The housing authority is financed by the federal government, and has repeatedly failed to win a federal grant that would have allowed the demolition of Dunbar Village and relocation of its 300 residents. Four years ago, Congress eliminated $165,000 a year that paid for extra policing at the city’s housing projects as a part of a national cutback in housing money.

4 comments:

rikyrah said...

When I read stories like this, I wonder about the soul of our community. Those housing projects are built like crap. If someone is SCREAMING, then CALL THE POLICE. It's only what decent people would do. Yes, I use the word decent.

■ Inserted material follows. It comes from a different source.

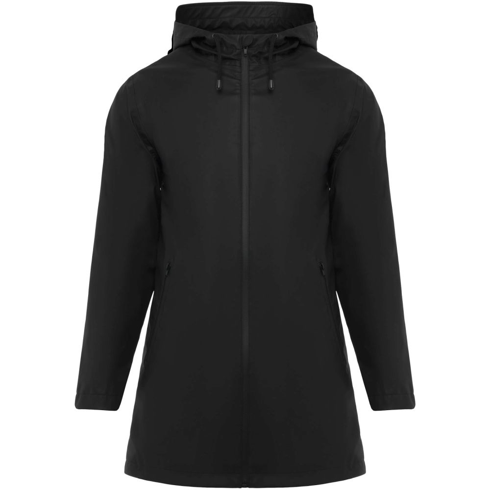 Nepromokavá pláštěnka. Kapuce s kšiltem. Zateplené zipy a švy. Kontrastní detaily v černé barvě. Dvě boční kapsy na zip. Rozparky na zadním lemu. Odnímatelný štítek. Nepromokavá. Modelka měří 185 cm a má na sobě velikost M.
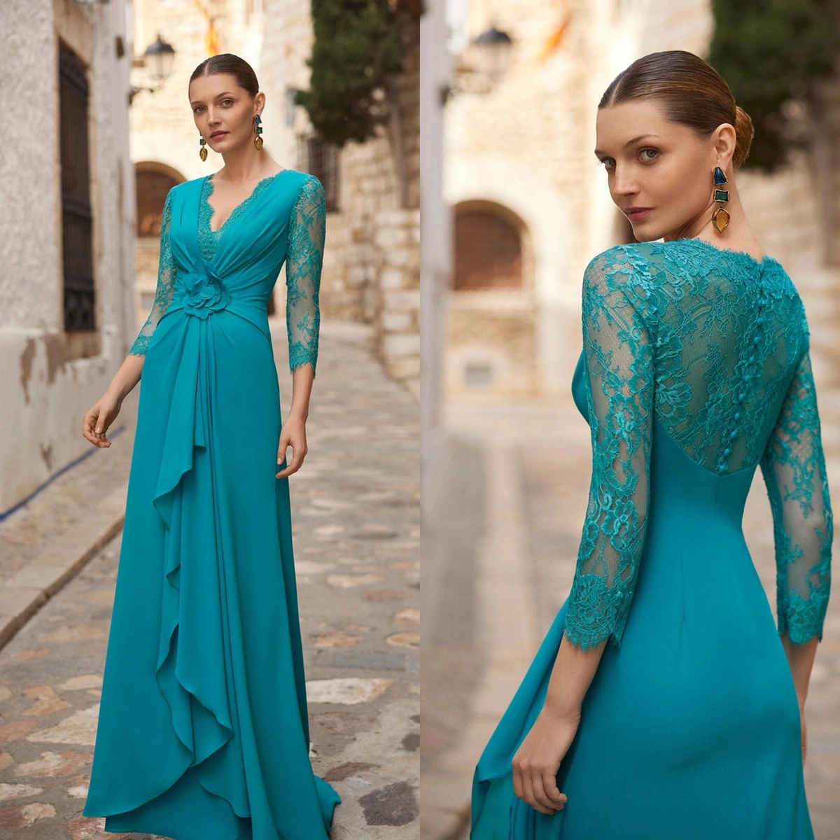 Vestido de invitada largo y estilo moderno. Elaborado con crepé ...

This story just makes me angry. Very angry. I don't want to hear about their ' hard lives'. I don't want to hear about how bad they had it. What they did was inhuman. Inhuman, and deserve to be put UNDER the jail. Period.

Anonymous said...

I agree, Rikyrah.

I'll bet not one of those young men is being/has been raised by a man . Not one!

Anonymous said...

I cant believe that people say things like "so what a woman got raped, look at this project". I do agree with some of the things said, but in this day and age to blame not having a father figure is a cheap attempt to blame the system and our community. They must be held accountable for there actions. And I do agree with charging them as adults. This woman was made to do things unspeakable to her child. How does this Mother look at her son knowing she couldnt protect him. How does a son look at his mother after the acts they were made to do? My heart goes out to this Mother and child. And for those who choose to live in a glass house, dont throw stones.

Anonymous said...

I am so outraged at this moment that I can't even begin to write down all of the horrible,sadistic, vengeful things that should happen to those animals responsible for this. I have not stopped shaking since I heard about this horrible story. My heart goes out to the mother and her child. I would send my prayers, but, there is no God!!!!!!!!